Billie Eilish’s ‘Happier Than Ever’ doesn’t live up to the brilliance of its title track

Billie Eilish’s ‘Happier Than Ever’ doesn’t live up to the brilliance of its title track

Final Grade: 7.2/10

“Happier Than Ever” consists of 17 tracks.

Darkroom/Interscope Records

Ahlgrim: As a music critic, I know I’m meant to judge an album holistically. But all I have is my truth, and right now, my love for the title track has superseded all other impressions.

I have listened to “Happier Than Ever,” the album, once. I have listened to “Happier Than Ever,” the song, 18 times. I feel like it’s the moon and my brain is the sun and there’s a solar eclipse. 

Thus is the pleasure and challenge of a first-listen review: It requires immediate honesty, which perhaps requires some oversimplification. I’m eager to see how the rest of these songs grow on me over time, like “Your Power” and “Lost Cause” surely have. I can already tell that “Oxytocin” and “Halley’s Comet” will enjoy prominent spots on my Spotify Wrapped come December.

But I also believe that truly great albums — most, if not all — reward immediate honesty. They tend to demand your attention from the jump, even if you can’t explain why you love it yet. You just know you will.

Obviously, this isn’t an exact science. But for me, Eilish’s sophomore album lacks that seductive mystique. I know it’s objectively good, yet I’m not itching for another whirl. More likely, I will harvest the juiciest crops for my favorite playlists and leave the rest to dry. 

Larocca: “Happier Than Ever” promises to deliver on real vulnerability, but never quite gets there.

Far too often, Eilish tells you she’s upset or has trauma to unpack, without ever showing what those experiences look like.

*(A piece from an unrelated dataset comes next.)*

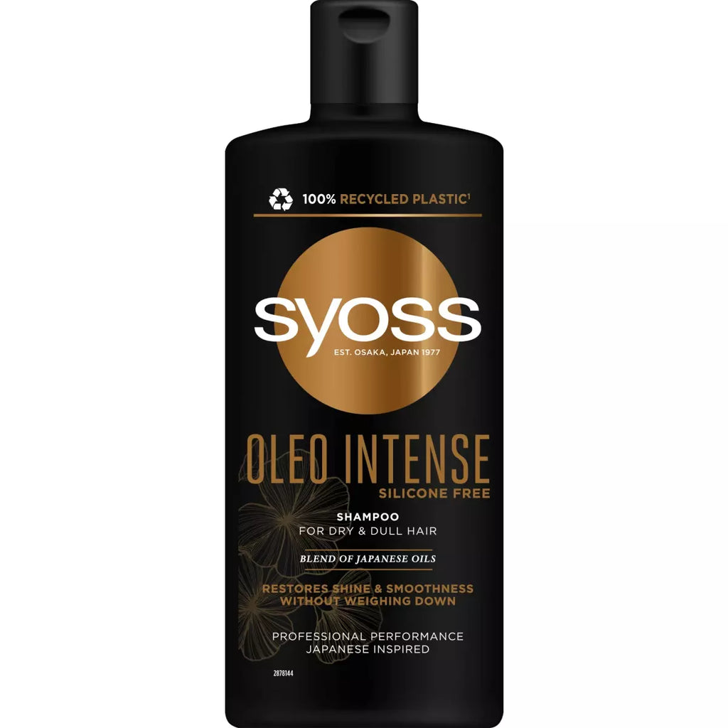 Sampon Syoss Oleo Intense, cu amestec de uleiuri japoneze pentru par tern si uscat, formula vegana, 440 ml.

It’s frustrating, considering the best songs (“Happier Than Ever,” “Oxytocin,” “Halley’s Comet”) are the ones where she gives into the emotion she’s trying to express (rage, horniness, love). 

That’s not to say the rest of the album is bad — there’s nothing on “Happier Than Ever” that’s greatly offensive to my ears. But without tactile imagery or vocal variety, songs like “NDA” and “Everybody Dies” only contribute neutrality. 

Unfortunately, about half of this album is made up of anodyne moments, making for a mostly bland listening experience. It’s disappointing, because on the very same tracklist, Eilish proved she can wield her power to enchant listeners and spark a fire within. 

I came away from this album feeling fine. But I wanted to come away feeling happier than ever — or sadder than ever, or madder than ever. I wish Eilish had given us more to feel.

Worth listening to:

“Billie Bossa Nova”


“Lost Cause”

“Halley’s Comet”


“Your Power”

“Therefore I Am”

“Happier Than Ever”

“Male Fantasy”

Background music:

“Getting Older”

“My Future”


Split decision:

“I Didn’t Change My Number”


Press skip:

“Not My Responsibility”

“Everybody Dies”

*Final album score based on songs per category (1 point for “Worth listening to,” .5 for “Background music,” .5 for “Split decision,” 0 for “Press skip”).